Word for word, copy the entire listing below, but do not carry over any pictures.

_Supplied information_
►
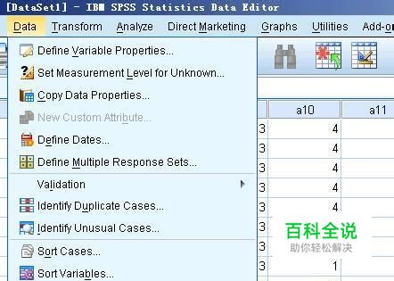 打开spss以后,先要打开第一个要合并的数据,然后合并变量如图所示,在菜单栏上执行:data--merge file--addvariable
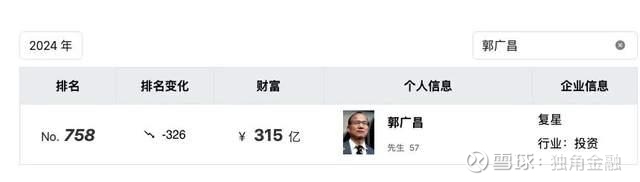 2024年胡润全球富豪榜,勾勒出“复星系”实控人郭广昌的财富变迁,其个人财富值定格在315亿,对比2020年640亿的身家已缩水过半。这位曾经叱咤上海滩的前首富,近年来正以密集出售资产的方式,为复复系“回血”。
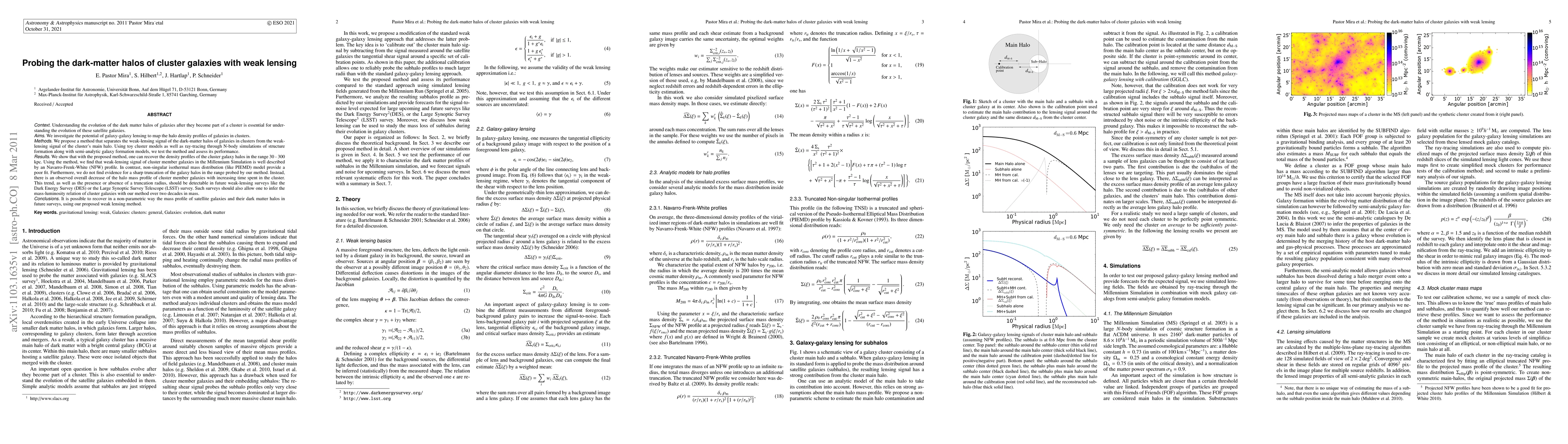 This paper proposes a method to isolate the weak-lensing signal from the dark matter halos of cluster galaxies, demonstrating its effectiveness through simulations. The results suggest that the galaxy halos follow an NFW profile and show a decrease in mass over time spent in the cluster, with no evidence of truncation.
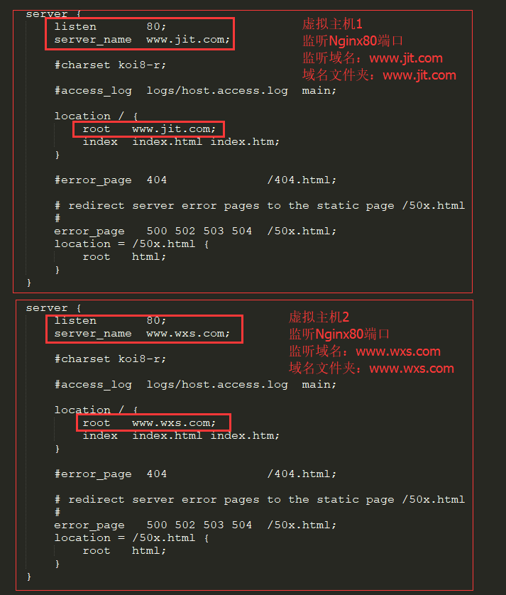 现在这两个网站都访问了 Nginx,Nginx 怎么才能区分他们呢?当然是通过域名!修改配置文件:
◄
_Your response_
 打开spss以后,先要打开第一个要合并的数据,然后合并变量如图所示,在菜单栏上执行:data--merge file--addvariable
 2024年胡润全球富豪榜,勾勒出“复星系”实控人郭广昌的财富变迁,其个人财富值定格在315亿,对比2020年640亿的身家已缩水过半。这位曾经叱咤上海滩的前首富,近年来正以密集出售资产的方式,为复复系“回血”。
 This paper proposes a method to isolate the weak-lensing signal from the dark matter halos of cluster galaxies, demonstrating its effectiveness through simulations. The results suggest that the galaxy halos follow an NFW profile and show a decrease in mass over time spent in the cluster, with no evidence of truncation.
 现在这两个网站都访问了 Nginx,Nginx 怎么才能区分他们呢?当然是通过域名!修改配置文件:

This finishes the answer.